One potential impact the repeal of these exchanges could have is causing investors hold on to properties for a longer amount of time, which could ultimately have a ripple effect on Realtors, appraisers, title companies, inspectors and others involved in different levels of the transaction.
“The elimination of this program for high-income investors could cause them to hold on to properties for longer than in the past and may have the effect of decreasing supply and demand,” Lowndes Law attorneys Samantha Duran and Joaquin Martinez recently said in a post for legal news resource JD Supra.
If changes made to Section 1031 does result in dissuading investors from completing more transactions, the result could actually be a decline in total tax revenue. Beyond that, an Ernst & Young study conducted in 2015 determined that a repeal of Section 1031 would slow economic growth, reduce the U.S. GDP and negatively impact small businesses.
“If Section 1031 is repealed, state and local jurisdictions which impose real estate transfer taxes on transactions will see a decline in tax revenues to accompany the decline in transactions,” Marc Landis, managing partner of Phillips Nizer LLP, said in a statement emailed to Inman. “Some of the states that could face a severe impact include New York, New Jersey, Connecticut, Delaware, Michigan, New Hampshire, Pennsylvania, Florida and Washington; municipalities such as New York City, Chicago, Los Angeles, San Francisco, Philadelphia and Pittsburgh would also take a hit.”
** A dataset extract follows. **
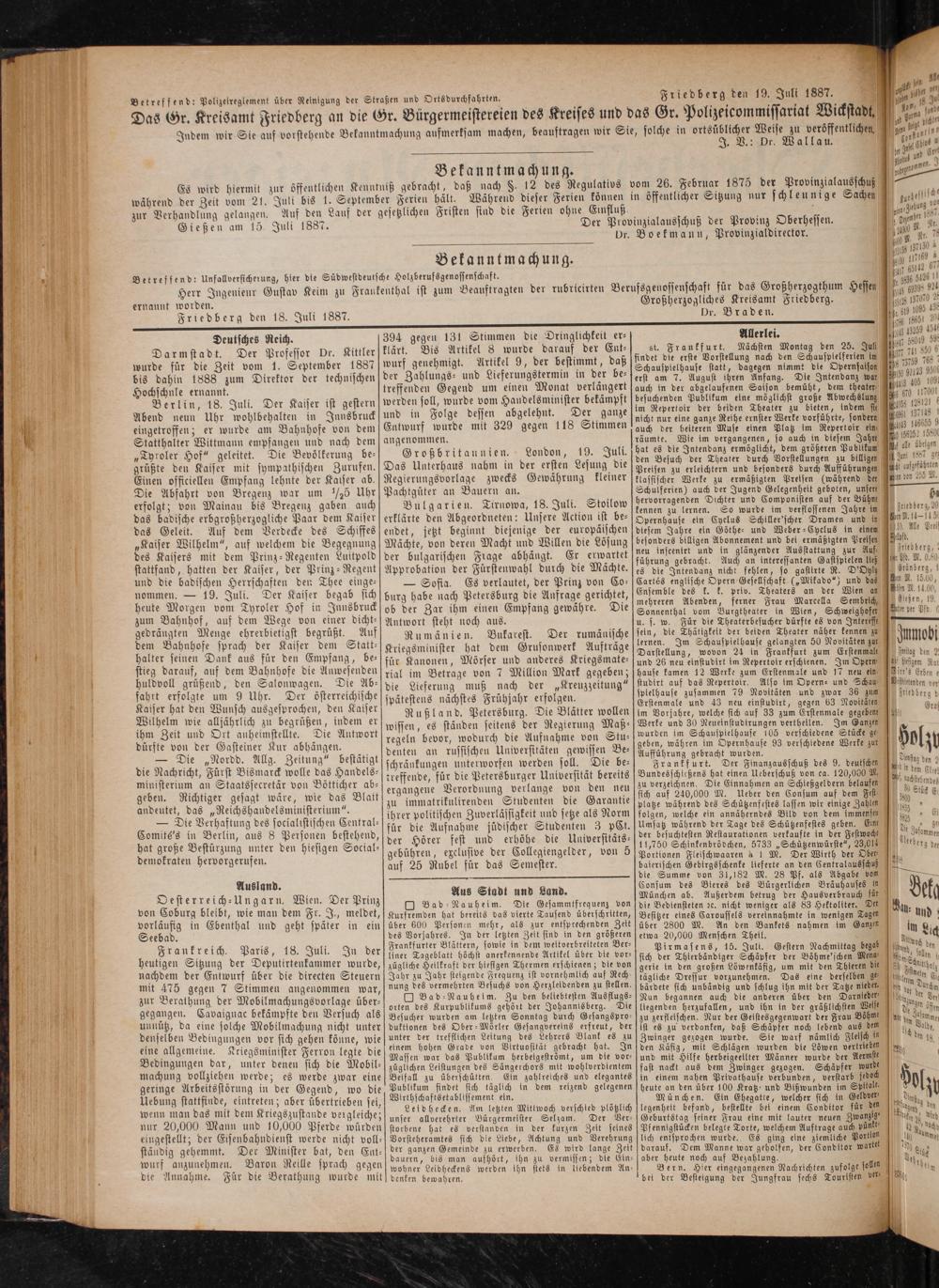 Friedberg den 19. Juli 1887.
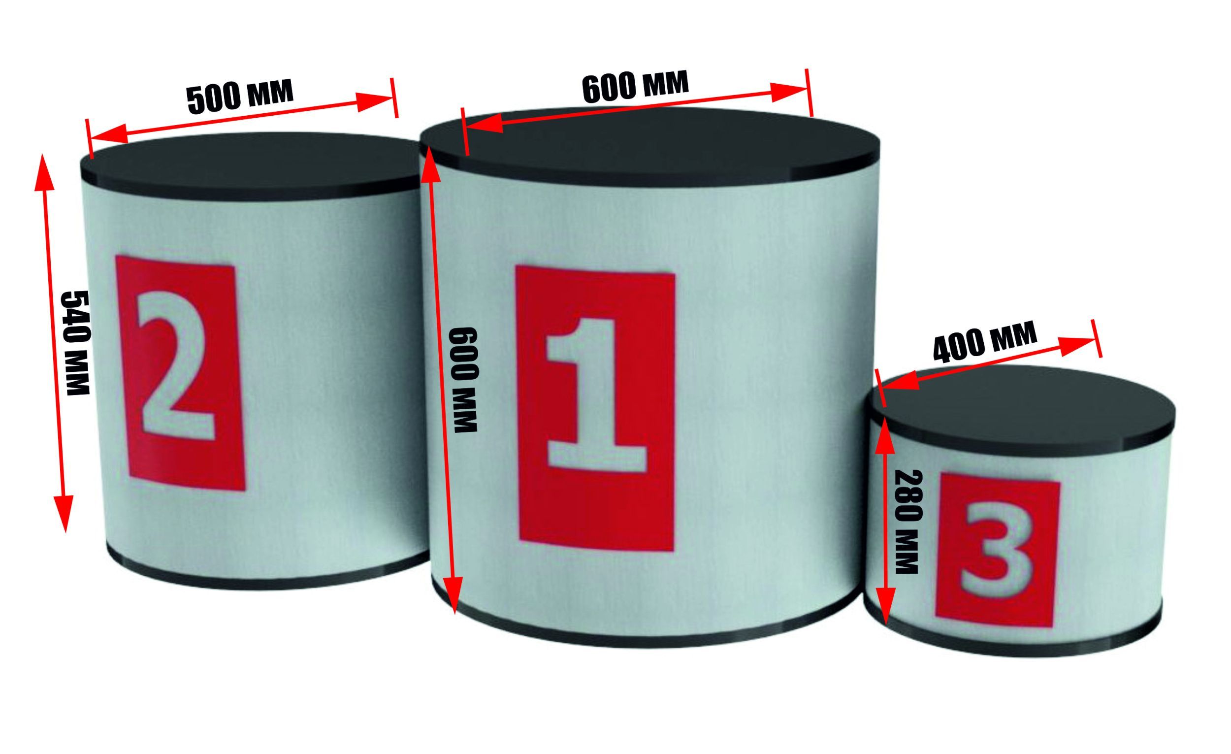 Каркас выполнен из стального профиля 40х40 мм. Верхняя платформа выполнена из фанеры толщиной 18 мм. Боковая сторона цилиндров обшита листовым металлом 1 мм или 1,5 мм и оклеена ПВХ пленкой с декоративным изображением.

Data from a survey conducted in 2015 by NAR also suggests changes made to Section 1031 would have a palpable impact on individual Realtors’ transaction volume. Forty percent of Realtors said that the total bulk of their transactions would not have occurred between 2011-14 if like-kind exchanges did not exist. Another 24 percent of Realtors said between 75 percent and 99 percent of their transactions would not have occurred under the same circumstances during the same period. A whopping 96 percent of Realtors surveyed also reported that a repeal of like-kind exchanges would likely result in a decrease in real estate values.
“Every time a 1031 is done, that money that would be going to Uncle Sam, actually it’s plowed back into the deal where you have, I guess it’s like 30 jobs are created, something like that,” Daniel Wagner, senior vice president of government relations at The Inland Real Estate Group, told Inman. “Where you recognize the fact that the Realtor makes money, the appraiser makes money, the person that does the survey, and it goes all the way down, and then you get to the contractors — the union people make money, they’re going to renovate that apartment complex, they’re going to put new LED lights in, it’s going to be all that kind of stuff. So that’s a big deal.”
Wagner also told Inman that in his experience as a member of the Realtors Political Action Committee (RPAC), one of the main reasons that Section 1031 is so often put on the chopping block by legislators is the rate of turnover in Washington. He said that new or younger staffers who come in with a new administration often have no idea what it is — or the ins and outs of the waterfall benefits it can have on different layers of the economy — which puts pressure on organizations like RPAC and NAR to constantly educate lawmakers about the tax law.
But with this administration, Wagner is hopeful that if Realtors do their job of adequately educating lawmakers about Section 1031, the law will stay intact.
“So I don’t believe, if we do our job as an industry, I don’t believe the 1031 will go away,” Wagner said. “If we sit back and just assume that people know what the 1031 is about, then I think it goes away. So we have to be proactive and educate, and it’s all about education. ”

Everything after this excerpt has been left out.